My problem is:
At any $x \in M$, the condition $$K(X_1,X_2)+K(X_3,X_4)=K(X_1,X_3)+K(X_2,X_4)$$ for $X_1,X_2,X_3,X_4 \in T_{x}M$, where the vectors are pairwise orthogonal and $K$ is the sectional curvature of $M$. Then $M^{n}$ is conformally flat, where $n \ge 4$.
Definition: $L(X,Y)=\frac{1}{n-2}(\mbox{Ric}(X,Y)-\frac{1}{2}ns\langle X, Y \rangle)$ is the Schouten tensor of $M$, where $s$ is the scalar curvature of $M$.
Definiton: $$\langle C(X,Y)Z,W \rangle =\langle R(X,Y)Z,W \rangle-L(X,W)\langle Y,Z\rangle -L(Y,Z)\langle X,W \rangle +L(X,Z)\langle Y,W \rangle +L(Y,W)\langle X,Z \rangle$$ is the Weyl tensor of $M$.

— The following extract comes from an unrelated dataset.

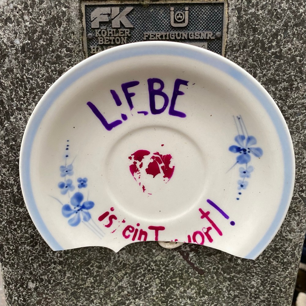[Kurz darauf. kneteeis:] „Ach, guck‘ mal: Hier hat jemand etwas von einem Teller abgeschlagen. Da steht jetzt: ‚Liebe ist ein Tort‘. Auch interessant…“
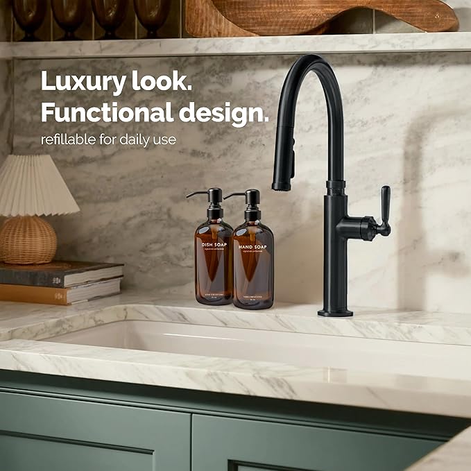 - BUILT TO PERFORM – Each dispenser is topped with a matte black stainless steel pump that’s as durable as it is refined. Rust-resistant, smooth to use, and designed to complement any modern kitchen or bathroom.

To show the problem it suffices to show that $C=0$. So, \begin{align*} \langle C(X_1,X_2)X_2,X_1 \rangle &=K(X_1,X_2)-L(X_1,X_1)-L(X_2,X_2)\\ \langle C(X_3,X_4)X_4, X_3 \rangle &=K(X_3,X_4)-L(X_3,X_3)-L(X_4,X_4)\\ \langle C(X_1,X_3)X_3,X_1 \rangle&=K(X_1,X_3)-L(X_1,X_1)-L(X_3,X_3)\\ \langle C(X_2,X_4)X_4,X_2 \rangle &= K(X_2, X_4)-L(X_2,X_2)-L(X_4,X_4), \end{align*} implies \begin{equation*} \langle C(X_1,X_2)X_2, X_1 \rangle +\langle C(X_3,X_4)X_4,X_3 \rangle = \langle C(X_1,X_3)X_3,X_1 \rangle +\langle C(X_2,X_4)X_4,X_2 \rangle. \end{equation*} If I chosen $X_1=X_3=X$ and $X_2=X_4=Y$ we have $$\langle C(X,Y)Y,X \rangle=0.$$ However from that point I can't get $C=0.$ How can I do this?
Thank you for your answer.